Barhapple Loch is a small semicircular freshwater loch located in Wigtownshire, Dumfries and Galloway in Scotland. Barhapple Loch is principally known for the discovery of a Crannog in 1878 on the loch, when it was drained.

==Settlements==
Glenluce is the largest settlement in the area, and is located 3.9 miles from the loch in a southwesterly direction. Newton Stewart is around 10 miles to the northeast, along the A75 road.

==Geography==
Barhapple Loch is located 4 miles (6.5 km) east of Glenluce. It is of glacial origin, of the Kettle hole type. To the south of the loch, is Derskelpin Farm. Slightly east of the farm is Dernaglar Loch. To the southwest is Dirlaughlin Hill at 114m and Knock Moss. To the east is Barhapple hill at 107m. To the east and north is Mark of Luce Moss.

==Discovery of Crannog==
Barhapple Loch is only a few feet deep and surrounded by a deep peat bog, except on the east side, where it touched Barhapple hill, and rested on a bottom of soft peat. The black colour of the water and the inaccessible nature of the shore on the west side, precluded the discovery of any loch dwellings. In 1842, while James McCulloch was cutting peat, about 40 yards from the west side of the loch, he came upon a circle of stakes, numbering around 12. Ranging from thickness of a man's leg to a man's arm, and made of Hazel, they were about 5 feet long, with the heads two feet below the level of the ground. The circle was around 5 feet in diameter. During the autumn of 1978, the loch was drained, and in November, the tenant of the farm noticed a small round patch of logs that had become visible.

==Exploration==

Plate III Plan of Crannog on Barhapple Loch

On 15 October 1880, a party was formed and led by the John Dalrymple, Earl of Stair to explore the crannog. Among the party of eight was Sir John Dalrymple-Hay, 3rd Baronet. The digging was stopped at a depth of between two and three feet by the appearance of water, but which point several discoveries were made. It was reported, that the loch-dwelling consisted of mainly oak piles and a platform of wood, with rough stone added at some point. The discovery was located some 280 feet from the shore, so a gangway was built from the east shore from the foot of Barhapple, where it is hard ground, at a length of 550 feet to facilitate viewing by the surveyors.
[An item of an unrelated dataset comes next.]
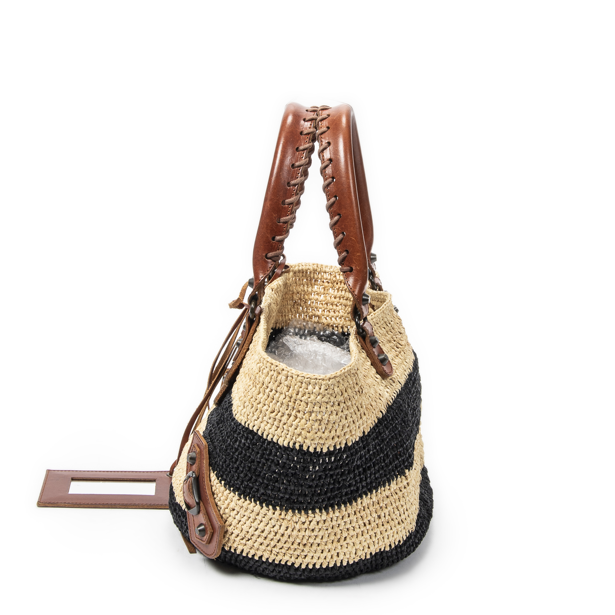 Balenciaga Sac à bandoulière Panier Basket Tote en Beige/Noir/Marron et Laiton vieilli. Le produit est en Très Bon état (AB).

The discovery consisted of a row of oak piles, enclosing a space of 175 feet long from north to south and 127 feet wide, with rounded angles. Sir Herbert Maxwell took the first measurements of what remained of the crannog. 134 piles were visible, with a slight gap on the west side and larger one on the south side, with the piles on each side thingly set. It is surrounded by a row of oak piles, enclosing a space 175 feet long from north to south, and 127 feet broad, and rounded at the angles. The crannog appeared to be connected to the N and E shores of the loch by gangways on piles. A ring of Cannel coal of around 5.68 cm was discovered during the excavations. In 1884 a further excavation was undertaken. Some of the logs had rotted away, and others were pierced through by the shoots of the marsh plants, which gradually covered the partially drained area.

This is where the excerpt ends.